The oscillation between fact and fiction, reality and fantasy, the tension between the grotesque and the beautiful
A Conversation between Angela Su and Cuauhtémoc Medina
Cuauhtémoc Medina (CM): As with nations and all kinds of social systems, epidemics are not only shaped by biological and medical conditions, but by the way politicians, the media and populations describe their origins, development and historical meanings. Diseases are framed by discourses about race, modernization and even the relationship between people, the earth and the cosmos, to a point in which social reactions and our health policies are also defined by the claims we make on the causes, origins and agents of transmission of a disease. As we are witnessing now, once again, epidemics and pandemics are narrated in terms of the alleged threat of the other and the attempt to define culprits and victims. Nonetheless, this is a particularly specialized field of contemporary social research, a particularly sophisticated way of understanding the relationship between nature and culture. How did you get interested in the phenomenon of “outbreak narratives” and finally decide to embark on Cosmic Call, produced for the Contagious Cities project?

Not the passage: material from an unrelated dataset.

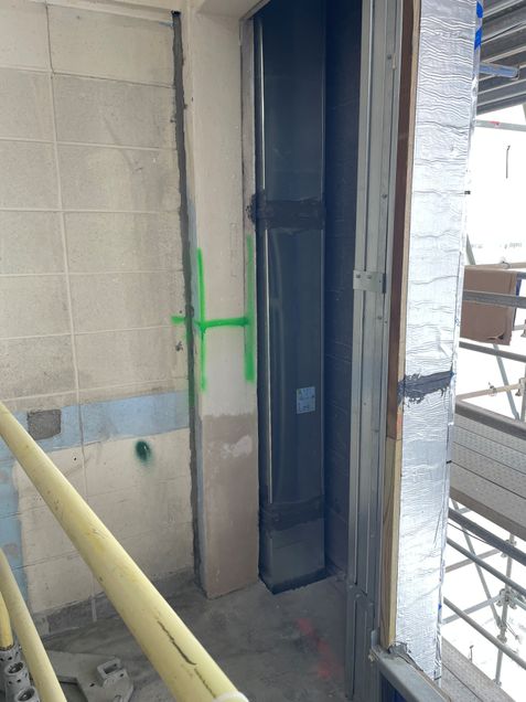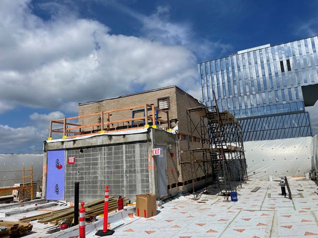 - Masons will be restoring the brick veneer on the existing north stair and elevator headhouse.

Angela Su (AS): One of the greatest challenges of Contagious Cities was having to deal with the vast amount of information about epidemics. It was a tremendous task to narrow down my research. Should I investigate one particular germ or epidemic outbreak? Should I research the possible root causes of an outbreak… deforestation, rapid urban development, uneven population distribution, industrial farming and animal health? And how about the overuse of antibiotics, climate change and the development of bioweapons? Should I also talk about the human condition… fear and compassion, discrimination, paranoia, death and survival? What about disease control policies, surveillance and border control? I wanted to cover everything, because I see all these topics as being linked to each other. It’s difficult to talk about one without mentioning the others.
When I talked to my friends about the project, what struck me the most were their reactions. Some of them would say that yes, of course, Hong Kong is indeed “contagious” as we have been an exporter of infectious diseases, most notably the 1894 bubonic plague and SARS. Other friends were shocked by the title of the project, as it stigmatizes certain cities and peoples as “contagious.” So I wanted to find out what it really means to be “contagious.” Is it socially constructed through discourse? Why do certain diseases, such as Ebola, AIDS and SARS, capture our imagination more than, for example, smallpox, cholera or even the 1918 flu pandemic?
Then I came across Priscilla Wald’s book Contagious: Cultures, Carriers, and the Outbreak Narrative (Durham University Press, 2008).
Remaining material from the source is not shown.